▶ **DATASET CONTENT**:
————————

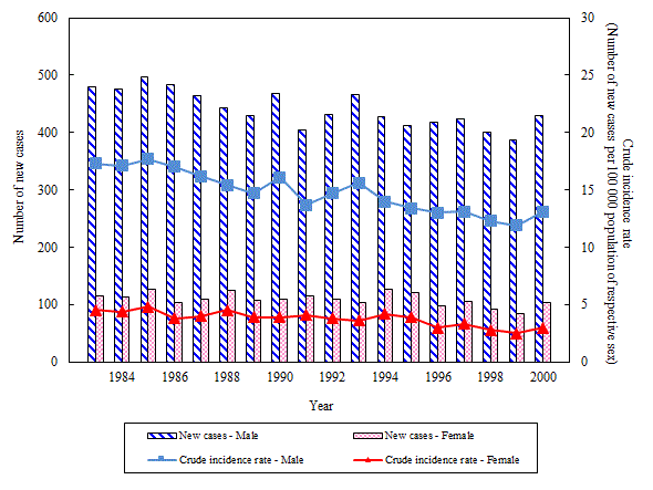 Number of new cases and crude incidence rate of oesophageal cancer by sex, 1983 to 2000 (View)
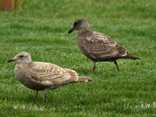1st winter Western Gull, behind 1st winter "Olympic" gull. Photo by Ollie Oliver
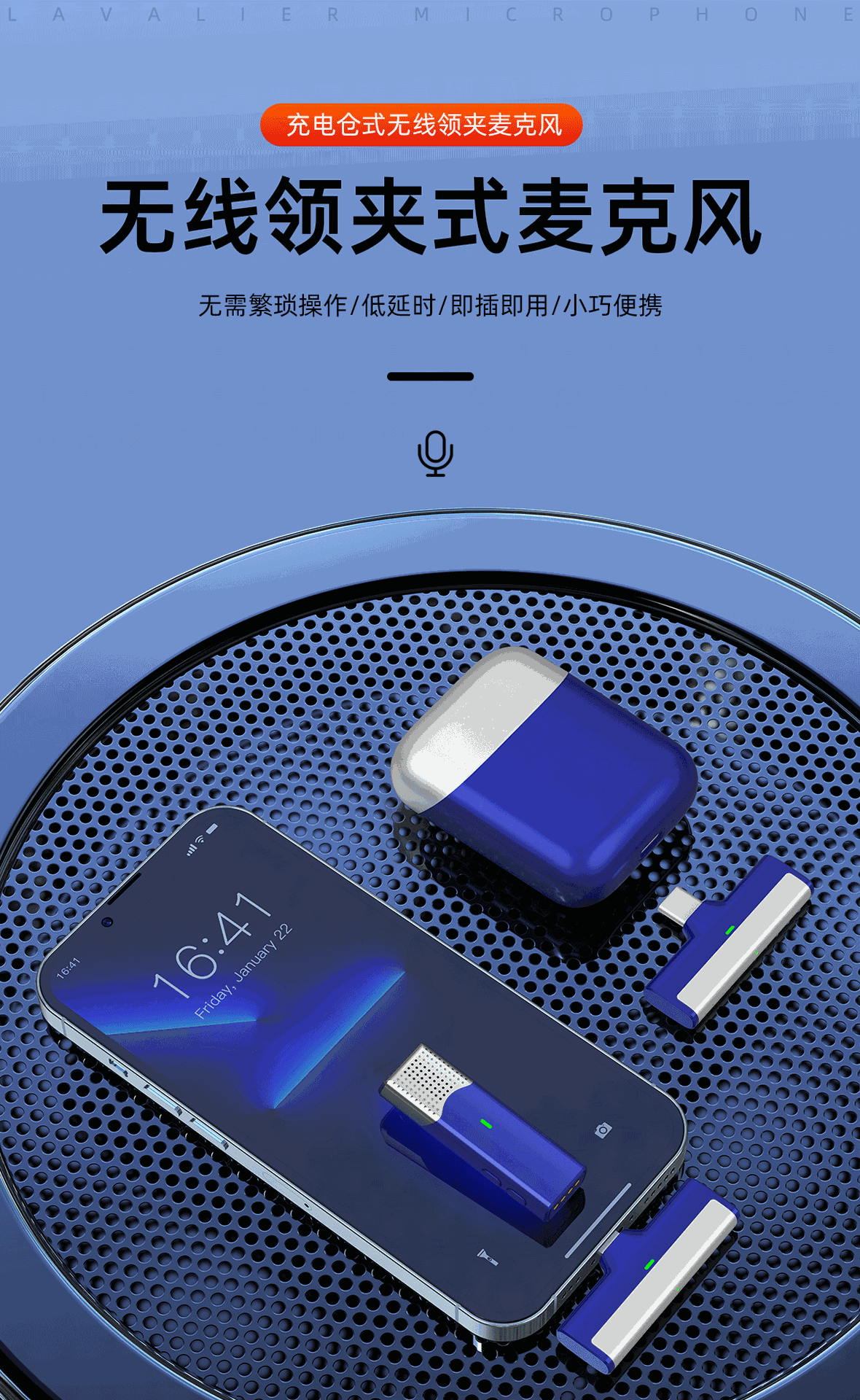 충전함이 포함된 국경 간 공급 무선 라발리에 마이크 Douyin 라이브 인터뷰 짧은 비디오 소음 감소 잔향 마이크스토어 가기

————————

▶ **DIRECTIONS**: Give the listing above again in its entirety, exactly as written and free of images.

▶ **YOUR SOLUTION**:
 Number of new cases and crude incidence rate of oesophageal cancer by sex, 1983 to 2000 (View)
1st winter Western Gull, behind 1st winter "Olympic" gull. Photo by Ollie Oliver
 충전함이 포함된 국경 간 공급 무선 라발리에 마이크 Douyin 라이브 인터뷰 짧은 비디오 소음 감소 잔향 마이크스토어 가기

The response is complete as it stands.